The proposed issue of $650 billion in the reserves, known as special drawing rights, or SDRs, will benefit low-income countries and impose no direct cost on the U.S., the Treasury said in a statement Thursday. Should the U.S. purchase SDRs from another country, the Treasury would earn interest that might offset any additional costs, and the U.S. can refuse to purchase reserves from any country whose policies it opposes, according to the statement.
The message came after Treasury Secretary Janet Yellen last week in a hearing sparred with Republican Senator John Kennedy, who said that American taxpayers will need to pay $180 billion for that increased allocation and direct money to American adversaries like China, Russia and Venezuela. It also came ahead of next week’s IMF and World Bank spring meetings, where the reserves will be a main focus of discussion.
The U.S. won’t buy SDRs from countries for which it applies sanctions, the Treasury officials said. The U.S. currently applies sanctions to nations including Cuba, Iran, Syria and Venezuela.

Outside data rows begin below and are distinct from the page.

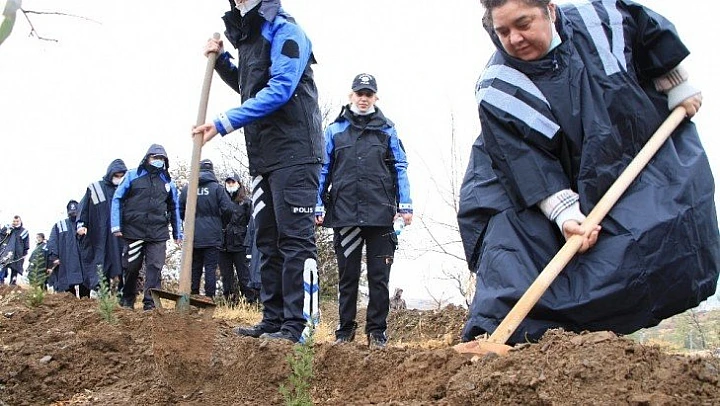 Elazığ'da "Bir Fidan Toprağa, Bin Nefes Geleceğe" seferberliği kapsamında başlatılan kampanya kapsamında İl Emniyet Müdürlüğü personeli, Elazığ ve İzmir depreminde hayatını kaybedenlerin anısına binlerce fidanı toprakla buluşturup, dua etti.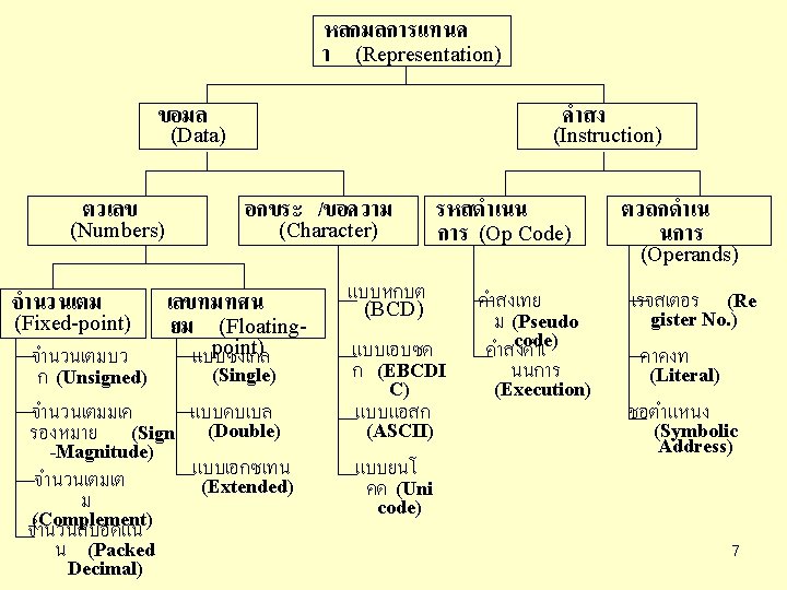 ����� Character Representation BCD, ASCII, EBCDIC, Uni. Code a Numeric Representation Fixed-Point Numbers (Integer) Floating-Point Numbers (Real) a 8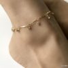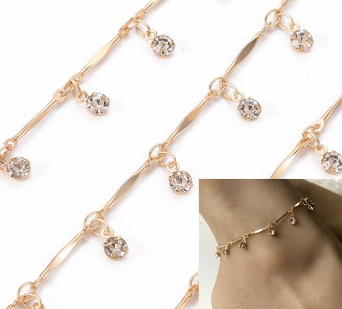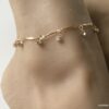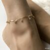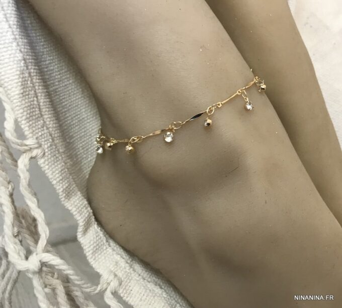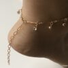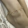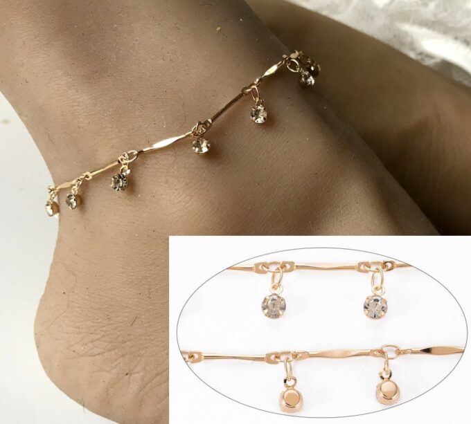 Avec ses petites breloques rondes serties d’oxyde de zirconium blanc qui courent sur la cheville, ce splendide bracelet de cheville en laiton plaqué or vous fera tout simplement craquer.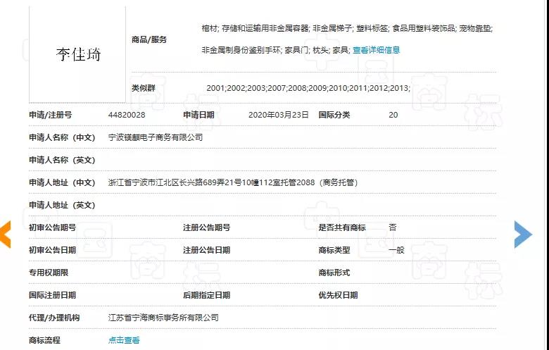 近日,“口紅一哥”李佳琦持股49%的寧波鎂麒電子商務有限公司注冊的第44820028號“李佳琦”商標駁回復審有了最新進展!因提供的在案證據(jù)不足以證明申請商標在指定使用商品上經(jīng)過使用已具有一定知名度,商標局決定申請商標在復審商品上的注冊申請予以駁回。

The Treasury is sending Congress notice Thursday of its support for the reserves creation, meaning the soonest that the nation can formally support it at the IMF based on a 90-day advance notice requirement is around the start of July, according to Treasury officials. That means central banks globally would begin to receive the assets by August, the officials said. The U.S. move requires notifying Congress, but it can be done without holding a vote.
In response to the Republican criticism that an SDR allocation would benefit dictators, the Treasury said that the U.S. has the right to refuse to buy SDRs from any nation. While some countries whose policies the U.S. opposes would receive SDRs, they won’t necessarily be able to use them, the Treasury said.
The Treasury wouldn’t support the allocation if it doesn’t include transparency and accountability provisions that the U.S. is asking for regarding how SDRs are used, but the department sees no indication that there will be opposition to their inclusion, the officials said.
Pat Toomey, a Republican senator who is the ranking member on the body’s banking committee, reiterated Thursday that the allocation is “inappropriate” and “inefficient.”
“It will be helpful to repressive regimes and state-sponsors of terrorism and do little for impoverished countries,” he said in a statement. “Like other forms of foreign aid, this should be subject to congressional approval rather than unilateral administrative action. I strongly urge Secretary Yellen to abandon her support for this proposal.”
Momentum has been building for the injection of funds after Yellen leaned toward supporting the action, reversing opposition last year under President Donald Trump. Her predecessor, Steven Mnuchin, blocked the move in 2020, saying that because reserves are allocated to all 190 members of the IMF in proportion to their quota, almost 70% would go to the Group of 20, with just 3% for the poorest developing nations.